1 Context Window Management Is No Longer Just a Prompt Issue
Agent Harnesses face a core engineering problem: the context window is too small to hold everything a model might need to remember. As sessions grow, file reads expand, sub‑agents multiply, and tool outputs accumulate, the Harness must decide what stays in the work set, what gets compressed, and what is deferred for later retrieval.
2 Core Bet: Trust the Model to Manage Its Own Context
Each context‑management decision carries an assumption about model behavior. The key question is whether the Harness should actively constrain context usage or rely on the model to manage the budget correctly.

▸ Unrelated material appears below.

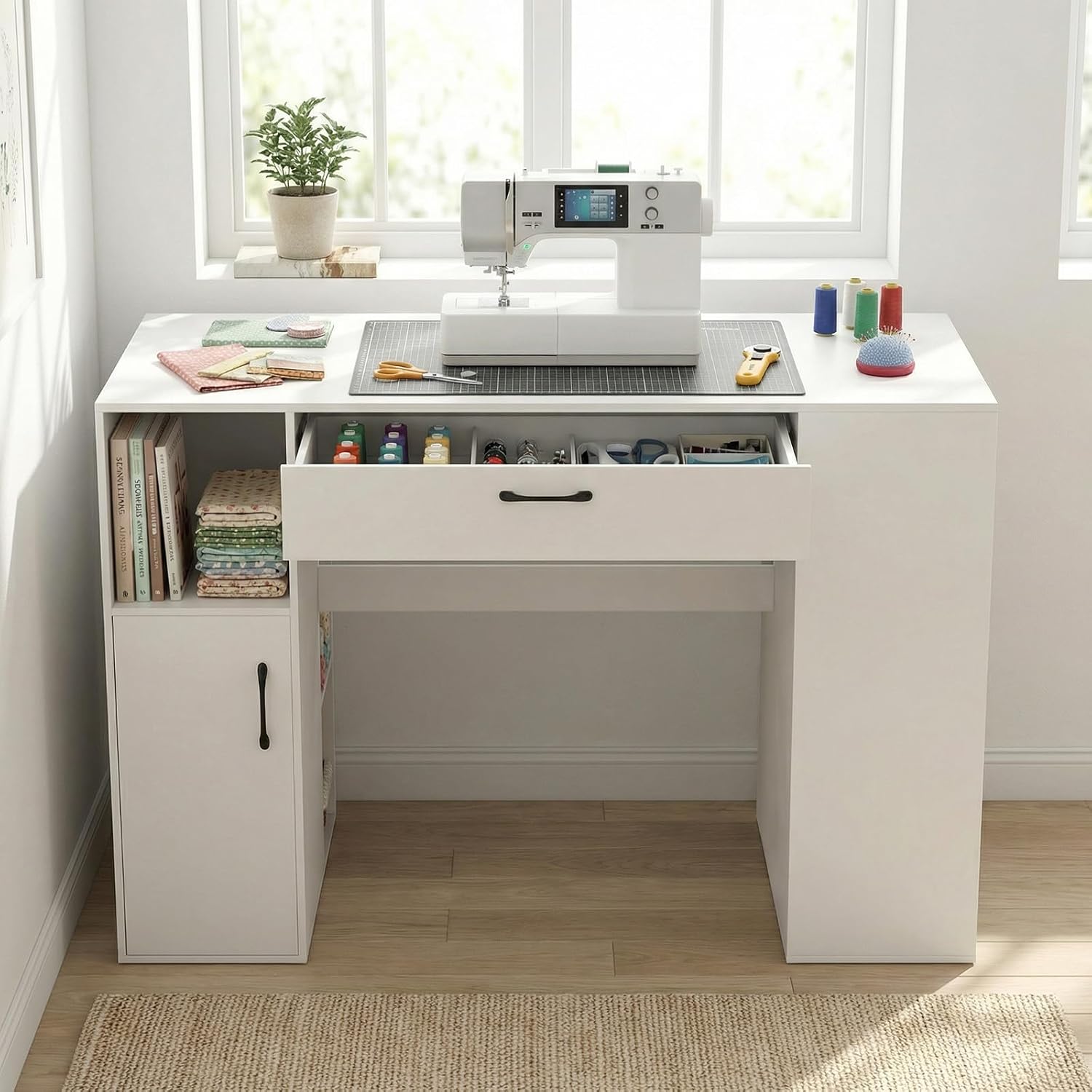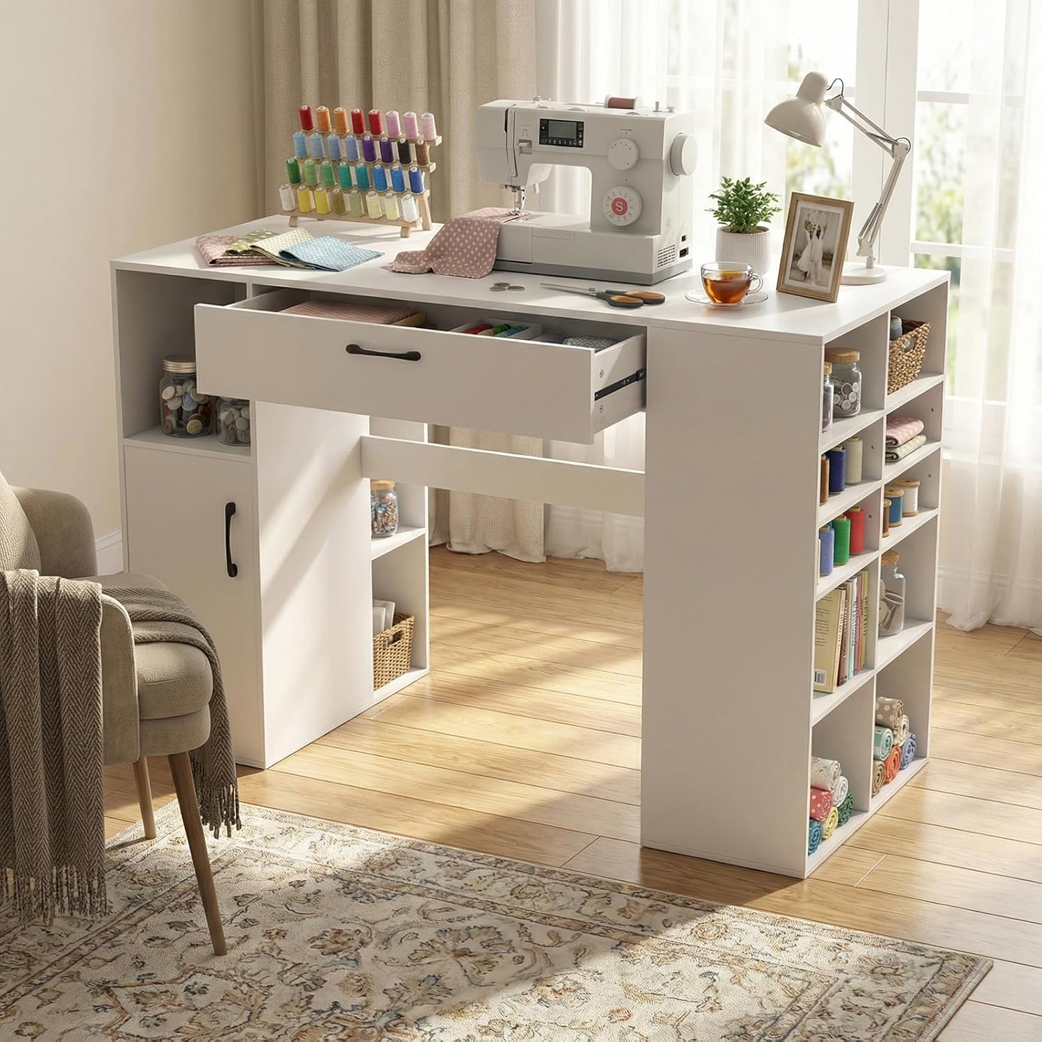 Description: Upgrade your creative space with this versatile sewing desk. Measuring 53" wide, it provides a spacious surface for sewing, crafting, or studying. Featuring 14 open cubbies, a large drawer, and two adjustable shelves, it keeps supplies organized and easily accessible. Built to support up to 265 lbs, this sturdy table includes smooth drawers and magnetic door catches for added convenience and durability. Features: 14 open compartments for organizing sewing supplies Two-tier cabinet with door for bulkier items Pull-out drawer perfect for small accessories Two adjustable shelves for varied storage needs Large 53" tabletop ideal for multiple uses Reinforced crossbar for added stability Smooth drawer slides with easy-grip knobs Magnetic door catches secure cabinet doors Doubles as a study or craft desk Only the second shelf in side compartments is adjustable Assembly required Specifications: Color: White Material: Engineered Wood & MDF Overall Size: 53" L x 24" W x 36" H (135 x 60 x 91 cm) Drawer: 27.5" x 11.5" x 4" (70 x 28.5 x 9.5 cm) Open Shelf: 11" x 14.5" x 12.5" (27.5 x 36 x 31 cm) Cabinet Shelf: 11" x 14.5" x 11" (27.5 x 36 x 28 cm) Large Compartment: 11" x 11.5" x 10" (27.5 x 28 x 25 cm) Small Compartment: 11" x 11.5" x 6.5" (27.5 x 28 x 16.5 cm) Back Compartment: 8" x 11.5" x 11" (20.5 x 28.5 x 28 cm) Net Weight: 123 lbs (56 kg) Tabletop Capacity: 265 lbs (120 kg) Drawer Capacity: 25 lbs (10 kg) Left Compartments Capacity: 45 lbs (20 kg) each Right Compartments Capacity: 25 lbs (10 kg) each Package Includes: 1 x Sewing Desk 1 x User Manual

3 Large‑File Context Management
When a file is too large for the context window, all four Harnesses use offset and limit parameters to paginate reads.
3.1 Pi (pi‑mono)
Pi imposes a hard ceiling of 2,000 lines or 50 KB, whichever comes first, truncating from the head and appending a clear continuation prompt:
[Showing lines 1-2000 of 50000. Use offset=2001 to continue.]The tool also repeats the notice: “output is truncated to 2000 lines or 50KB. Use offset/limit for large files.” Pi’s approach is Harness‑first: the framework protects you before teaching the model how to paginate.
3.2 OpenClaw
OpenClaw inherits Pi’s 2,000‑line/50 KB truncation and adds limits for bootstrap files: a maximum of 12,000 characters per file and 60,000 characters total. When the bootstrap budget is exceeded, it keeps 75 % of the head and 25 % of the tail. Tool results have a separate budget of 16,000 characters or 30 % of the context window, whichever is smaller. If the tail appears important (e.g., errors, JSON closing brackets, “summary” keywords), OpenClaw switches to a head‑and‑tail retention mode; otherwise it keeps only the head.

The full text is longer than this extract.